In the international field, several analysts compare today's China with Japan of the 1980s, when the Plaza Agreement in 1985 led to a sharp appreciation of the yen, the creation of financial bubbles, and ultimately to long term economic stagnation.

However, the supporters of the Chinese strategy consider that the conditions are now different.

China produces approximately 30% of global manufacturing value added and possesses one of the most comprehensive industrial chains in the world, from raw materials to advanced industrial products and cutting-edge technologies.

At the same time, Beijing has invested significantly in the creation of alternative financial infrastructures.

The Cross-Border Interbank Payment System in yuan (CIPS) is expanding steadily, covering now nearly 200 countries and regions through direct and indirect participants.
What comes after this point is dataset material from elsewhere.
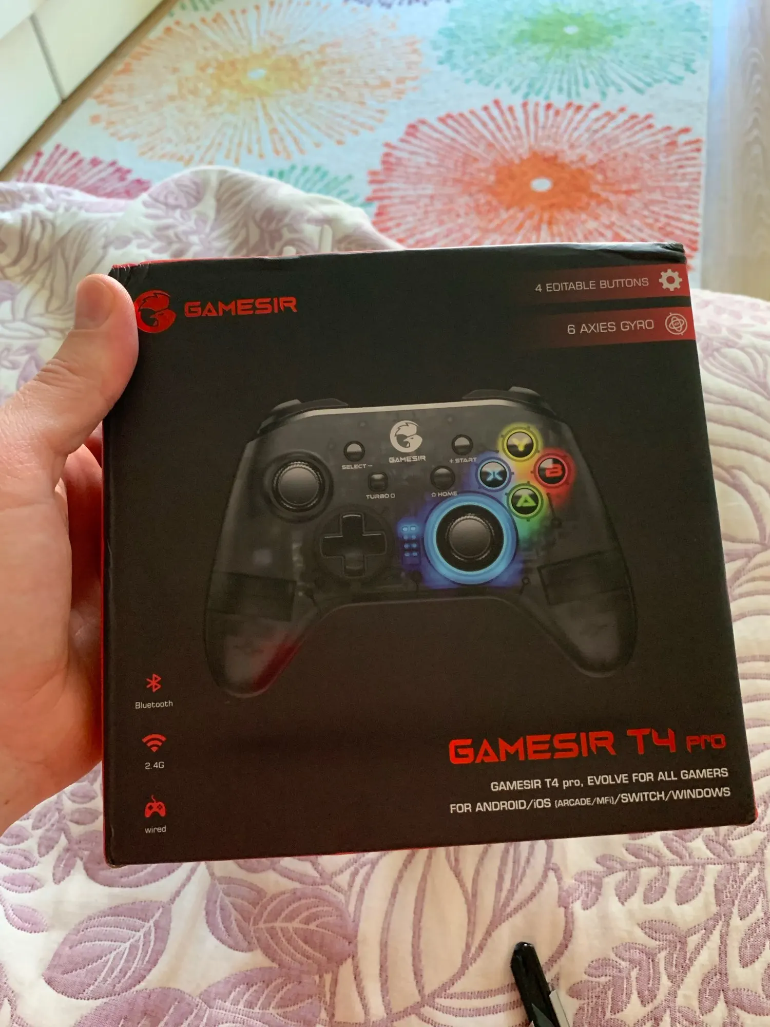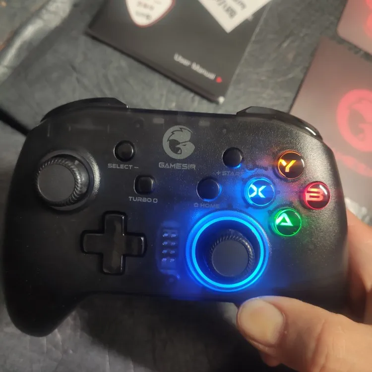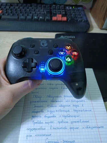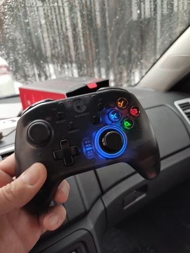 За свою цену геймпад отличный. Без прблем одключается к anroid и pc. При подключении к ПК (по wifi) определяется, как контроллер Xbox 360, то есть изначально гироскоп не работает, чтобы он заработал, нужно подключать через bluetooth или настроить всё самостоятельно. В икомплекте дёт: геймпад, провод для зарядки, держатель для телефона, wi-fi свисток, наклейки Gamesir и документация. Задержек не замечал. Стики, полупрозрачный корпус, кнопки, всё нравится, у меня в руках лежит удобно. Кроме крестовины, нажимая в одну из сторон, может нажать кнопка рядом. Сзади геймпада есть 4 доп. программируемые кнопки, в интернете пишут, что это неудобно, т.к. они случайно нажимаются, но не у меня. Подсветку кнопок с буквами можно отключить. Регулируется сила вибромоторов (+можно выключить). Заказано 26.11, пришло 03.12, хотя было написано, что придёт 06.12. В итоге время доставки - 8 дней, очень быстро. В общем всё понравилось, за эту цену отличный геймпад.

The increasing use of the Chinese currency in international trade and in financings is considered by Beijing a strategic tool for the reduction of dependence on the dollar.

Indicative of this trend is also the increasing issuance of bonds in yuan by foreign issuers.

The so-called "Panda Bonds" recorded in the first quarter of 2026 an issuance of nearly 90 billion yuan, a record level for the Chinese market.

At the same time, central banks globally continue to increase gold reserves for a third consecutive year, while several emerging economies are gradually reducing the percentage of American government bonds in their foreign exchange reserves.

The diversification toward gold, local currencies, and multilateral financial instruments is considered by many analysts an indication of a gradual restructuring of the international monetary system which was supported by the dollar.

Under this prism, the comparison of today's China with Japan of the 1980s might prove misleading.

While Tokyo accepted then a rapid appreciation of its currency and an extensive financial liberalization, Beijing appears determined to maintain control of its monetary and industrial policy, giving priority to industrial upgrade, technological development, and long term economic resilience.

In this context, some analysts argue that the greatest challenge of the next years might not concern the Chinese economy, but the capability of the United States themselves to manage a constantly increasing debt in an environment of high interest rates and increased fiscal pressures.